Bill Bryson’s The Road to Little Dribbling: Adventures of an American in Britain is currently on my night table. LOVE Bill Bryson. He’s originally from Iowa but has lived in Britain most of his adult life. Bryson now holds dual citizenship and, with his smooth, pithy wit, is able to crank off on both countries.
America has given us a pretty decent modern world and doesn’t always get enough thanks for that. But for reasons that genuinely escape me, it has also become spectacularly accommodating to stupidity.
And referring to his adopted country:
There are loads of people like us. We are all here because we like it here or are married to Britons or both. If I may say so, you are a little more cosmopolitan, possibly even a little more dynamic and productive, sometimes even more adorable and gorgeous, because we are here with you. If you think the only people you should have in your country are the people you produce yourselves, you are an idiot.

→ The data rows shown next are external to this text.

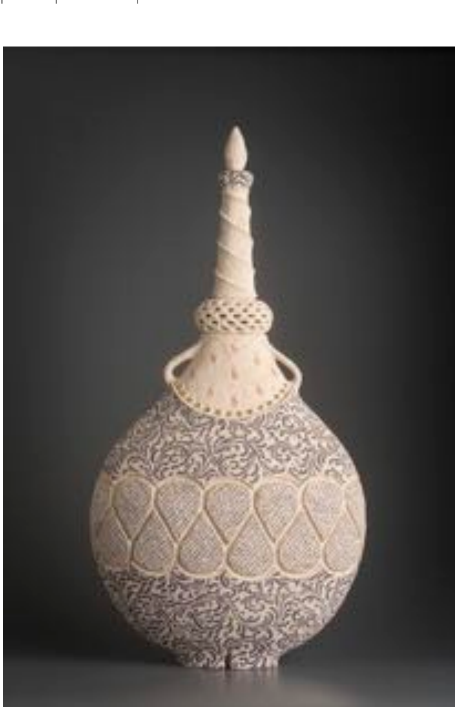
La Mela II 2017 75x39x18 cm

Desde el principio quería hacer vasijas con las técnicas de construcción a mano. Las vasijas me intrigan y me llenan, es una pasión sin explicación. Con el tiempo van evolucionando, cobran y pierden tamaño, cambian de genero, adquieren siluetas y perfiles, atraen detalles. Son ovales, así que no puedo usar la fuerza centrífuga para construirlos y es un desafío constante encontrar el equilibrio, la simetría y como salir de ella, las reglas de oro que conllevan el placer estético. He elaborado esmaltes y engobes que hacen de fondo para los diseños, al mismo tiempo que desarrollar los grabados. La evolución de la obra cerámica anda muy pausada, pues exige sinfín de experimentos e invenciones propias.
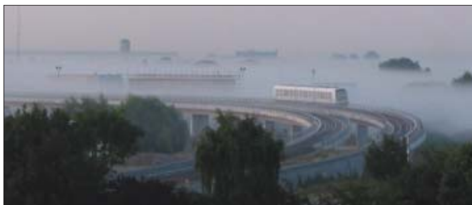
Ørestadsselskabets problemer er ved at nå groteske dimensioner, mener de radikale.

»Københavnere mod fejlplacerede højhuse« arrangerer et borgermøde den 31. august klokken 19 i gymnastiksalen på Christianshavns Skole, Prinsessegade 45, hvor man kan give sin utilfredshed med projektet til kende.
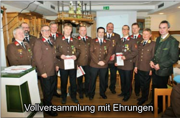
Vollversammlung mit Ehrungen
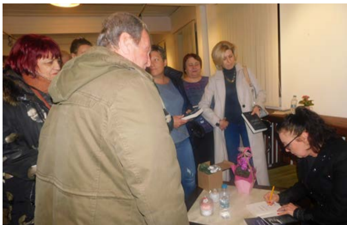
Много бяха желаещите да получат автограф.

га за много неща“. Героите са прототипи на съществуващи хора, с които тя се е запознала, обикаляйки селата Тюленово и Белгун.
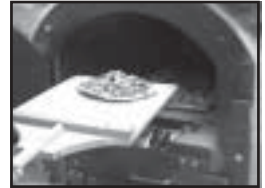
Einweihung des neuen Pizzaofens an Ostern 2000

Ganz offensichtlich hat sich die Anreisezeit verändert
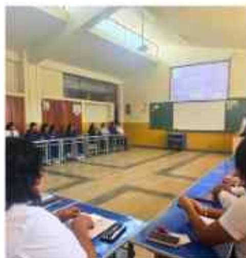
CETPRO María Mazzarelli y CETPRO Rosa de América iniciando la jornada de intercambio.
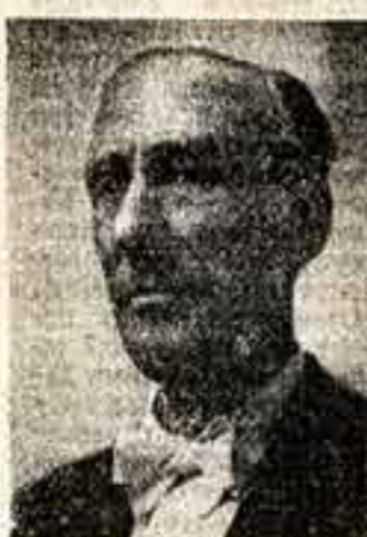
Евгений Александрович МРАВНИНСКИЙ
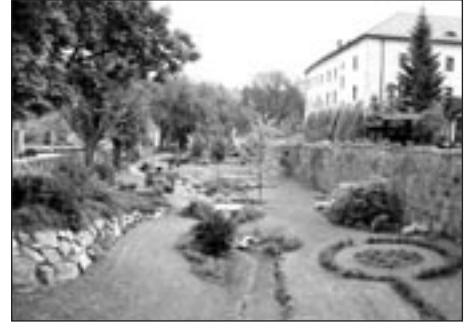
Část parkánového příkopu
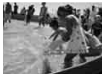
そこの魚！待てえ～い！
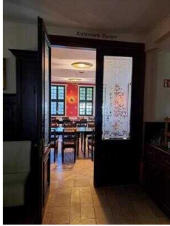
Tür vom Kamin- zum Eichendorff-Zimmer
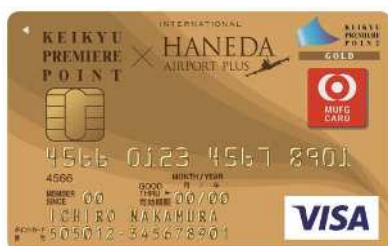
京急プレミアムポイントゴールド HANEDA

京急沿線にお住まいのお客さまに大変便利でお得なカードです。京急プレミアムポイント加盟店にてお買い上げいただくと基本ポイントとクレジットポイントが貯まる、ポイントカード一体型のクレジットカードです。なお、同カードで京急線鉄道定期券をご購入いただくと、200円につき1ポイントの京急プレミアムポイントが付与されます。
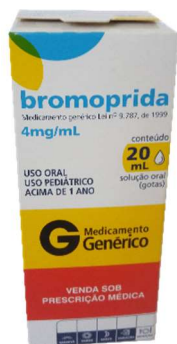
8974-Bromoprida gts 20ml Referência: Digesan
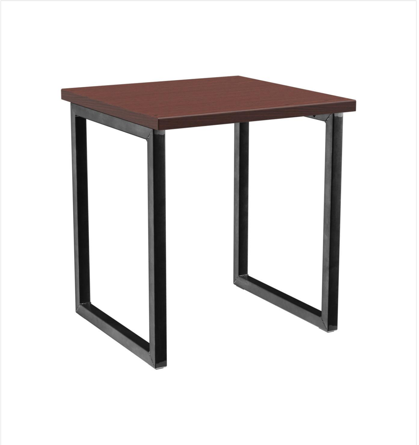
TABLE À MANGER RICKON
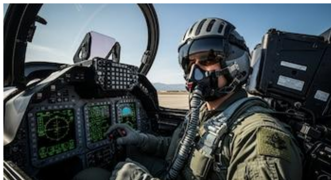
Ilustración 2: imagen ilustrativa de Infobae

La retención de personal militar cualificado —tanto tropa como oficiales— es fundamental para preservar la moral y la operatividad de las unidades, así como para evitar los costes asociados a la formación de personal de reemplazo en habilidades esenciales. La Fuerza Aérea de los Estados Unidos se enfrenta a una crisis de retención de pilotos que ha dejado vacantes aproximadamente 1800 puestos de piloto, mientras que las aerolíneas comerciales contratan a 7600 pilotos con formación militar cada año y ofrecen bonos de contratación de 7500 dólares. La brecha salarial entre la aviación militar y la comercial se ha ampliado hasta el punto de que un capitán sénior de aviones de fuselaje ancho en United, Delta o American Airlines puede ganar entre 450.000 y 550.000 dólares anuales, más del doble del límite salarial base de 200.000 dólares para los pilotos de la Fuerza Aérea, independientemente de su rango o experiencia.
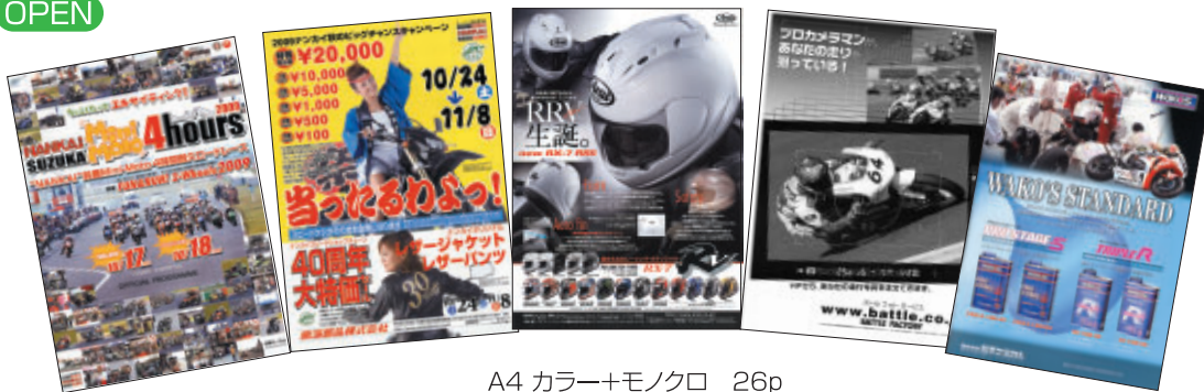
A4 カラー+モノクロ 26p
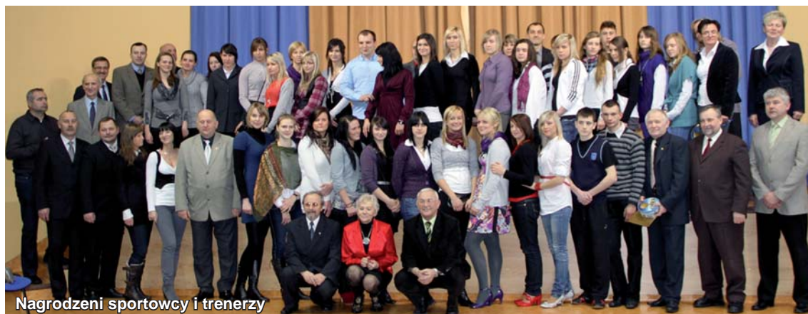
Nagrodzeni sportowcy i trenerzy
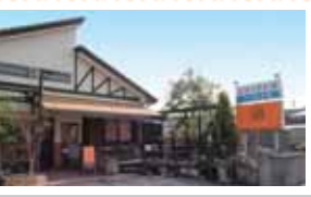
オレンジ色の看板がすぐ目に入るので、見つけやすい。
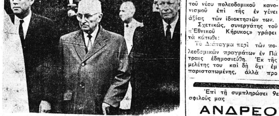
Ἡ κηδεία τῆς Ἐλεονώρας Ρουδέλτ...
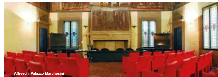
Affreschi Palazzo Marchesini

Al Museo della Storia di Bologna (sala 13) i protagonisti di questo avvenimento storico, vengono ritratti nelle opere videoproiettate di Bartolomeo Cesi. ( www.genusbononiae.it )
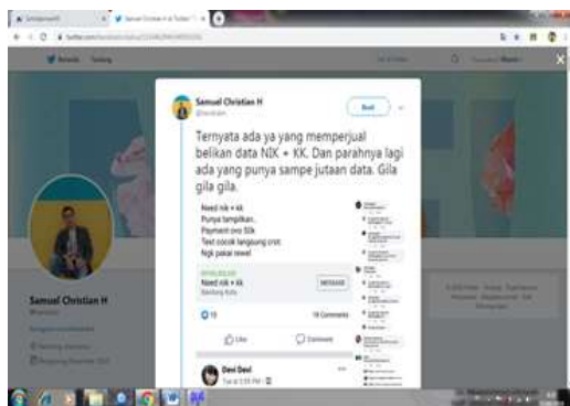
Gambar 3. Keluhan tentang Fintech Lending di Twitter

Selain dari twitter , peneliti mencoba mencari informasi dari ulasan pengguna financial technology lending di Play store .
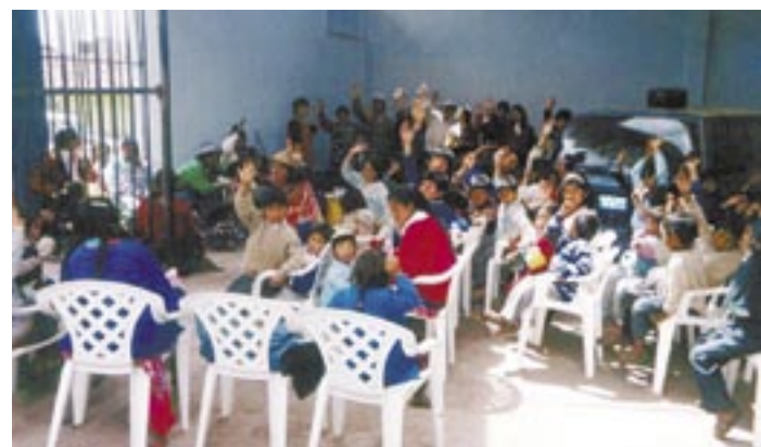
Em 2003, obreiros fizeram um mutirão para atender crianças necessitadas
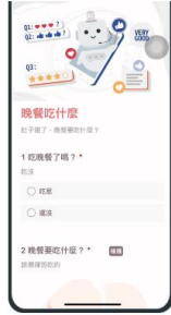
活動問卷，可結合FB或Line進行問卷調查並分享與好友
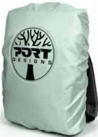
Housse de pluie incluse avec bande réfléchissante Included rain cover with light reflective band
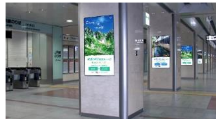
名古屋駅デジタルサイネージ
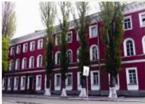
Палацовий корпус ансамблю штабу юнкерського училища та манежу (40-і рр. XIX ст.)
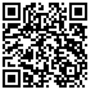
Inicio de las protestas
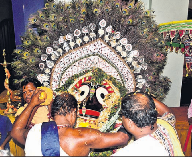
ମହାପ୍ରଭୁ ଶ୍ରୀଜଗନ୍ନାଥଙ୍କୁ ପହଣ୍ଡି କରି ନିଆଯାଉଛି ।
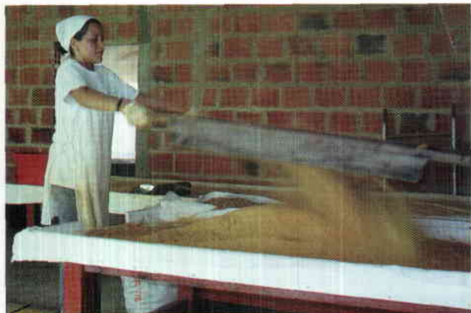
Figura 4. Tamizado manual de la panela granulada.

El calcio es además importante para regular la contracción muscular, el ritmo cardíaco y la excitabilidad nerviosa. El Instituto Colombiano de Bienestar Familiar (1996) establece que: "Los niños de 0 a 6 meses deben ingerir 350 mg/día,
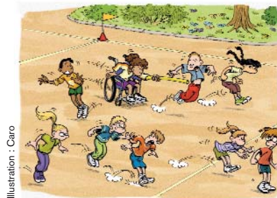
Illustration : Caro

À savoir : depuis 1960, les épreuves paralympiques sont organisées et depuis 1988, les jeux paralympiques se déroulent tous les 2 ans.
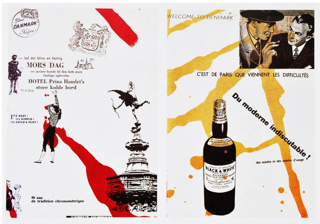
Guy Debord - Asger Jorn, To Τέλος της Κοπεγχάγης , 1957

Ο Άσγκερ Γιρν, μέλος της Cobra, ζωγράφος και γλύπτης, συνεργάστηκε με τον ΝτεΜπόρ για το βιβλίο “Το Τέλος της Κοπεγχάγης” χαρακτηριστικό δείγμα χρήσης της μεταστροφής του κόμικ αλλά και της διαφήμισης.
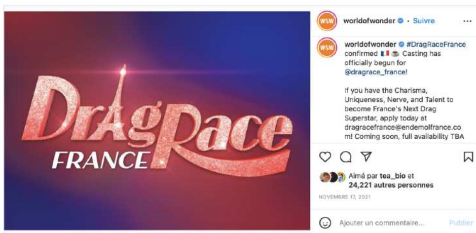
Figure 2. Post instagram d'annonce de Drag Race France de WOW

[@worldofwonder]. « Drag Race France confirmed ». Instagram , 17 novembre 2021, URL
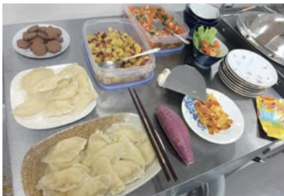
写真1. 3月にサラダボウルフェスタでポーランド料理を作って参加者に味見してもらった。自慢するつもりではないけど、美味しくできた！

一年間はあっという間に過ぎてしまったが、そのうちに日本、特に京都を愛するようになった。どんなに実家に帰りたくて、家族や友達に会いたくて、家の3
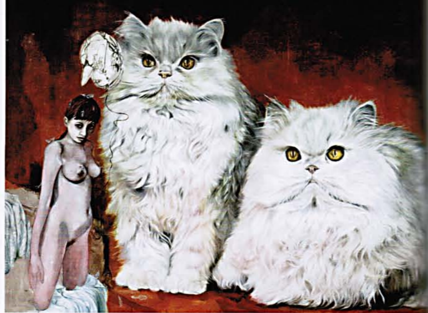
Süße Monsterkätzchen lauern auf Lolita: „The Birdwatchers“ (2006, 180 x 240 cm)

Eders Durchbruch als Künstler war die „Art Cologne“ 2001. Richtig bekannt wurde er 2004 mit Einzelausstellungen im Kunstverein Lingen und bei „Eigen + Art“, wo er die Wände schwarz anmalte, weil er findet, dass seine Bilder auf dunklem Grund am besten wirken. Vielleicht ein Versuch, die dunkle Seite seiner Kunst betonen, die den Kitsch aus Kätzchen, Kindfrauen und Hundewelpen überhaupt erträglich macht. Jedes der Motive für sich genommen ist nämlich ziemlich flach, erst im Zusammenspiel entfalten sie ihre abgründige Wirkung. Softpor-
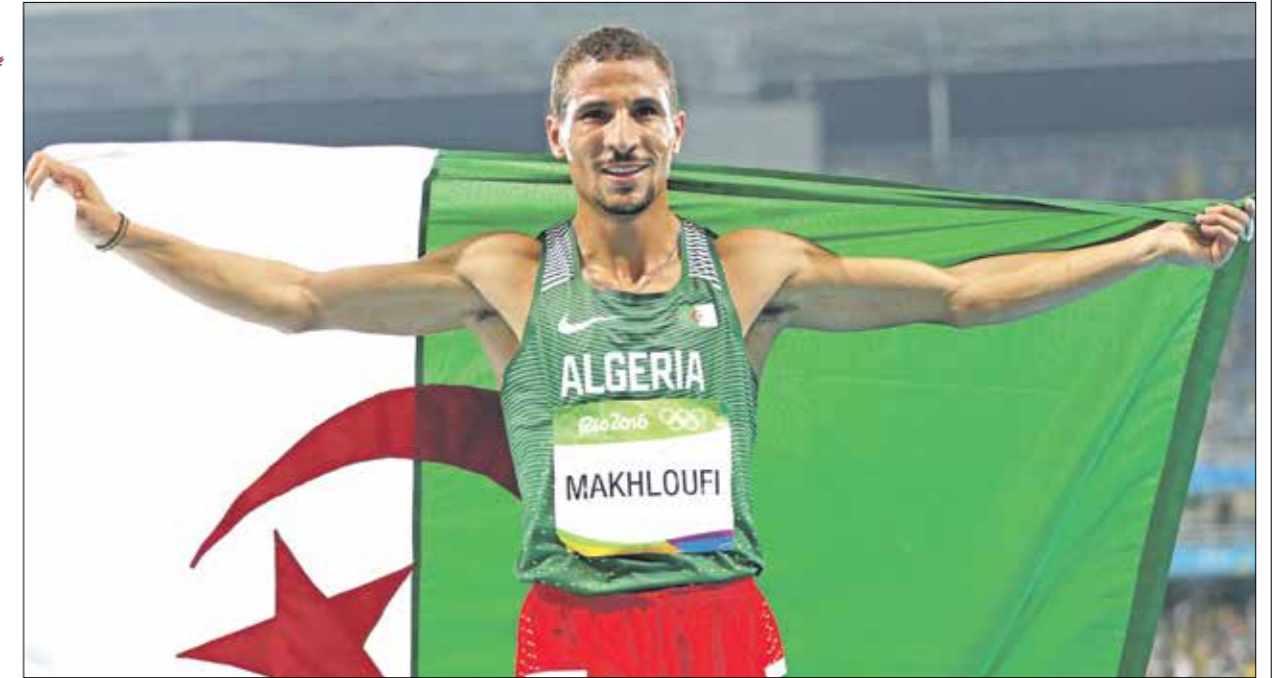
يعد العشاء توفيق مخلوفي، الاسم البارز في الجزائر

مخلوفي يحمل لواء التالق الجزائري بظلم العشاء الجزائري توفيق مخلوفي والمخصص في سباق 800 متر و1500 متر ضمن سباق الغاب القوي، هو الاسم البارز في الرياضة الجزائرية خلال السنوات الأخيرة، حيث كان هو الجزائري الوحيد المتوج بالميداليات الملوثة، في آخر نسختين من الألعاب الأولمبية. وحقق توفيق مخلوفي الميدالية الذهبية في تخصص 1500 متر في أولمبياد ريو عام 2016، قبل أن يعود في أولمبياد ريو عام 2020، ويحز في فضيتين في نفس التخصص وأخرى في سباق 800 متر، إضافة إلى إنجازات أخرى حققها في مختلف المنافسات الدولية والقارية، على غرار الميدالية الذهبية في البطولة الإفريقية للألعاب القوى سنة 2012. إضافة إلى توفيق مخلوفي، توجد أسماء أخرى تسعى إلى التالق في أولمبياد طوكيو، رغم أن رياضيين البلد لم يحققوا أي ميدالية خارج منافسات ألعاب القوى منذ أولمبياد بكين عام 2008، وبالضغط في رياضة الجودو وذلك بميدالية فضية فاز بها عمار بن خلف في وزن تحت 90 كغ، وأخرى برونزية في وزن 52 كغ كانت من نصيب المتسابقة صوريا حداد. ويعد عبد الحفيظ بن شيلة المتخصص في رياضة الملاكمة ضمن وزن 91 كغ أحد الأسماء المعول عليها للذهاب بعيدا في هذه المنافسة، ولم لا استرجاع هبة الجزائر في رياضة «السنبليل» بعد آخر ميدالية
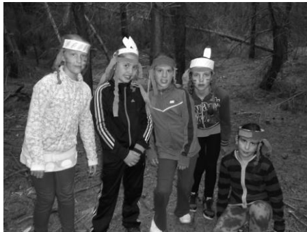
Tušíte správne - indiánsky chodník

Super výletom bola aj návšteva Demänovskej jaskyne slobody, najviac navštevovanou sprístupnenou jaskyňou Slovenska. Národná prírodná pamiatka Demänovské jaskyne na severnej strane Nízkyh Tatier je i najdlhším jaskynným systémom na Slovensku. Demänovská jaskyňa slobody dlhé roky očaruje návštevníkov bohatou sintrovou výplňou rozličných farieb, tajuplným podzemným tokom Demänovky i čarokrásnymi jazierkami. Objavili ju už v roku 1921. Dĺžka sprístupneného úseku je 1800 m. Prevýšenie medzi vchodom a Prízemím je 66 m, medzi Prízemím a východom z jaskyne 85 m. Obdivovali sme Zlaté jazierko, Barokové bábiky, riečisko Demänovky so Stromom života. Tak a ešte mnohými inými poetickými menami sú nazývané stalagmity, stalaktity aj stalagnáty.
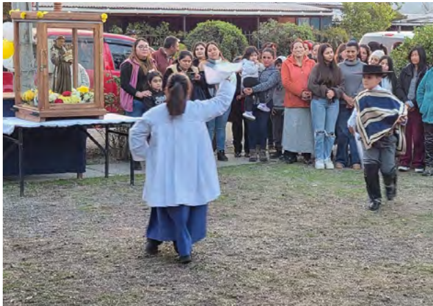
Niños, Apoderados y Personal de Escuela Las Alamedas participan en la bienvenida del Santo Patrono al sector.
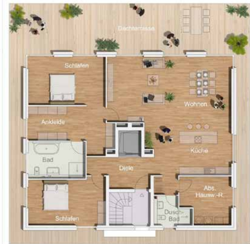
Varinante 03 | 190 m 2

At times there’s a definite Hey-you-kids-get-off-my-lawn tone but he serves up prickly disgruntlement with such jolly style. Plus, being an older babe myself, I can SO understand.
The Dunning-Kruger Effect is essentially being too stupid to appreciate how stupid you are.
I recently finished another in Richard Kadrey’s hardboiled, dystopian L.A. Sandman Slim series, Killing Pretty. In it, demons, devils, gods and angels exist but not how you would ever think they would.

In conversation with a scientist, philosopher, immortal friend and collaborator:
“We learn as much from our failures as our successes.”
“Then I’m a goddamned Rhodes Scholar.”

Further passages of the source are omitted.